### WHAT NEEDS TO BE DONE
Word for word, copy the entire listing below, but do not carry over any pictures.

--- DATA BLOCK ---

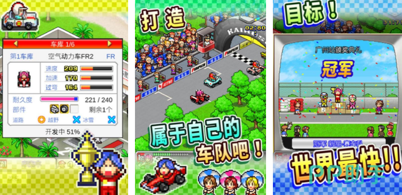 一般的赛车游戏都会比较偏向于写实风格,冲刺赛车物语,呈现的是一个比较童趣复古的像素赛车世界,在这个游戏世界里不再是单纯的车辆竞速,玩家还能成为车行的老板,招募赛车手,为车行参与各种竞速比拼,为了提升车辆的性能,玩家还可以修改零部件,这样就能以极佳的车辆状态,参与到速度的竞赛中。
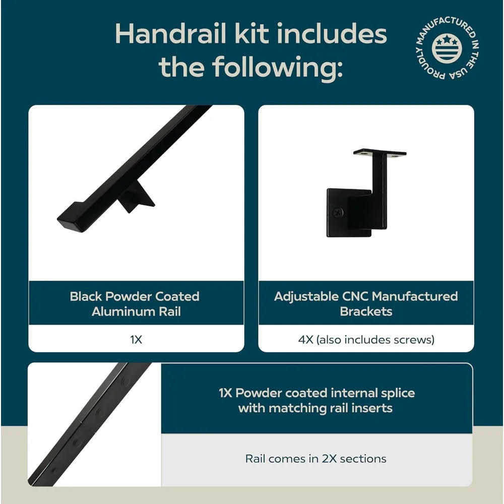 Contemporary Aluminum Complete Handrail, Brackets Included, Powder Coated Finish
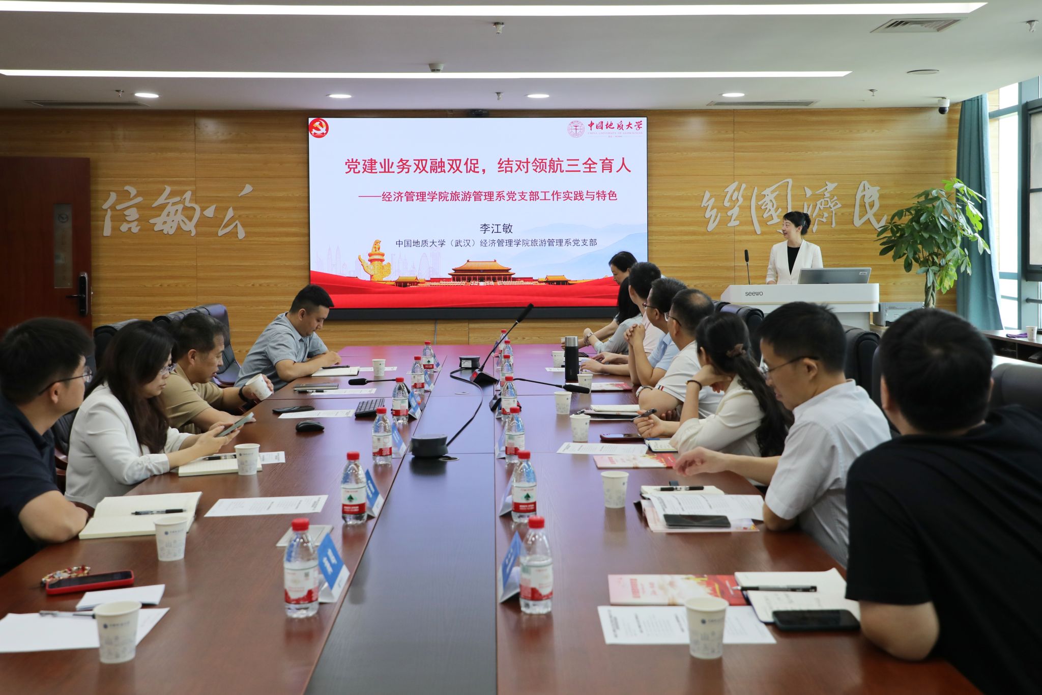 随后,taptap点点旅游管理系党支部书记李江敏教授作《党建业务双融双促,结对领航三全育人——taptap点点官方网站旅游管理系党支部工作实践与特色》专题分享,结合党支部书记“强国行”实践经历,详细阐述了党支部在党建与业务融合、结对育人等方面的工作经验和特色做法。

---

### ANSWER BOX
 一般的赛车游戏都会比较偏向于写实风格,冲刺赛车物语,呈现的是一个比较童趣复古的像素赛车世界,在这个游戏世界里不再是单纯的车辆竞速,玩家还能成为车行的老板,招募赛车手,为车行参与各种竞速比拼,为了提升车辆的性能,玩家还可以修改零部件,这样就能以极佳的车辆状态,参与到速度的竞赛中。
 Contemporary Aluminum Complete Handrail, Brackets Included, Powder Coated Finish
 随后,taptap点点旅游管理系党支部书记李江敏教授作《党建业务双融双促,结对领航三全育人——taptap点点官方网站旅游管理系党支部工作实践与特色》专题分享,结合党支部书记“强国行”实践经历,详细阐述了党支部在党建与业务融合、结对育人等方面的工作经验和特色做法。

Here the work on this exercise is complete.